## The task
Output exactly the lines of the listing below that run from the line with "Abends sind wir" through the line with "A décor d'un". No pictures.

Start of Data provided

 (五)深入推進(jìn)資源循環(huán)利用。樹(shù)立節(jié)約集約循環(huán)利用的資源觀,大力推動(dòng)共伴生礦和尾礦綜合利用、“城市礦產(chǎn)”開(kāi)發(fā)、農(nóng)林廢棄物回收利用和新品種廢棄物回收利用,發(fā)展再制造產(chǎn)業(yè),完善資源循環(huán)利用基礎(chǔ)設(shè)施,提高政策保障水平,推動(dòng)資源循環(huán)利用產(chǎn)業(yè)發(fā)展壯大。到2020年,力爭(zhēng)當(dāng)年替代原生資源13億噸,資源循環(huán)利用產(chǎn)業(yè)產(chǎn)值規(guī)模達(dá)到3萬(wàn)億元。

End of Data provided
Start of Data provided

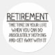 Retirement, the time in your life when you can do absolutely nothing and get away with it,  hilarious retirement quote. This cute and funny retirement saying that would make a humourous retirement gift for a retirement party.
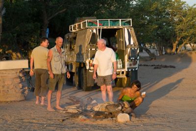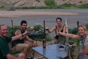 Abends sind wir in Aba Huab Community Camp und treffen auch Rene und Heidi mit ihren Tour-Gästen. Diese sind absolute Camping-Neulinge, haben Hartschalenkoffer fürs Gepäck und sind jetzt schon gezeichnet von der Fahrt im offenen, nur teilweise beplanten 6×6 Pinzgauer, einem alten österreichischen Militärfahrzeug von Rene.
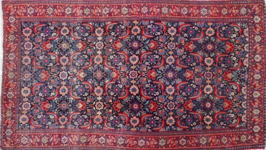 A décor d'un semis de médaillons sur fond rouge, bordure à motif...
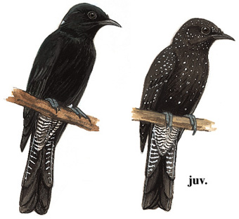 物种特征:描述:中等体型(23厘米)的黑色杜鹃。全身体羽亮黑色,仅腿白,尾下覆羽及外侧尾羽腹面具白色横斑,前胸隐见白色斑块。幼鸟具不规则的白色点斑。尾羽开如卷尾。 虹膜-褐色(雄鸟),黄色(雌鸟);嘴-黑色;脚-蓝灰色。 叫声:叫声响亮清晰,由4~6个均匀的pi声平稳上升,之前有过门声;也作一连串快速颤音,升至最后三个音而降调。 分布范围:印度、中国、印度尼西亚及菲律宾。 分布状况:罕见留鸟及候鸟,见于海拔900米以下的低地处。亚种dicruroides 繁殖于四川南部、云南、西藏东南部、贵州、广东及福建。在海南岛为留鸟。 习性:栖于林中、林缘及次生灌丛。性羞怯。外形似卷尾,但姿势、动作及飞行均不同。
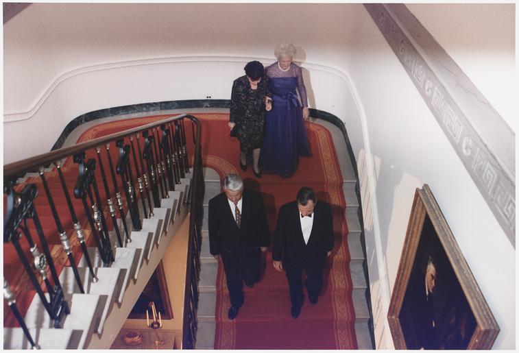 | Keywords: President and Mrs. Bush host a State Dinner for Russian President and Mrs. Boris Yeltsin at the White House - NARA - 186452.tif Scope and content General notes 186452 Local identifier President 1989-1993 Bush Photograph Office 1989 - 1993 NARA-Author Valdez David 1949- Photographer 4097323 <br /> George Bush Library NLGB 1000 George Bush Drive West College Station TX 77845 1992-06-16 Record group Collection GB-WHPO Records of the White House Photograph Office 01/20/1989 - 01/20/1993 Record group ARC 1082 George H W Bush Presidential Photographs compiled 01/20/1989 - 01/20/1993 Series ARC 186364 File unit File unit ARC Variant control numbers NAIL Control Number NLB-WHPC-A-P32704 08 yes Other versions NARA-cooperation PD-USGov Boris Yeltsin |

End of Data provided
Start of Data provided

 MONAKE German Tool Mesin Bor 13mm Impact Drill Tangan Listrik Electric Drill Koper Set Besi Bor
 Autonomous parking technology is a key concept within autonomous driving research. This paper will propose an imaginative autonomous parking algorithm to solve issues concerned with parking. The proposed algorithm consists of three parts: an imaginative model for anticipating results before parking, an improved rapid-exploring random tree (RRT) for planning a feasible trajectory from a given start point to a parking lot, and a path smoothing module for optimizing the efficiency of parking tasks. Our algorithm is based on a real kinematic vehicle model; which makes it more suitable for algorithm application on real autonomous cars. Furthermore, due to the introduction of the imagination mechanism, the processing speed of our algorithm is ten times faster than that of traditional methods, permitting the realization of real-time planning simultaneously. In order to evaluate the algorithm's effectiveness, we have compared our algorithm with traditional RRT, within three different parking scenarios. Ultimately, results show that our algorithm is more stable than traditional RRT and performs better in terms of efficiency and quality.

End of Data provided

## Solution to this task
 Abends sind wir in Aba Huab Community Camp und treffen auch Rene und Heidi mit ihren Tour-Gästen. Diese sind absolute Camping-Neulinge, haben Hartschalenkoffer fürs Gepäck und sind jetzt schon gezeichnet von der Fahrt im offenen, nur teilweise beplanten 6×6 Pinzgauer, einem alten österreichischen Militärfahrzeug von Rene.
 A décor d'un semis de médaillons sur fond rouge, bordure à motif...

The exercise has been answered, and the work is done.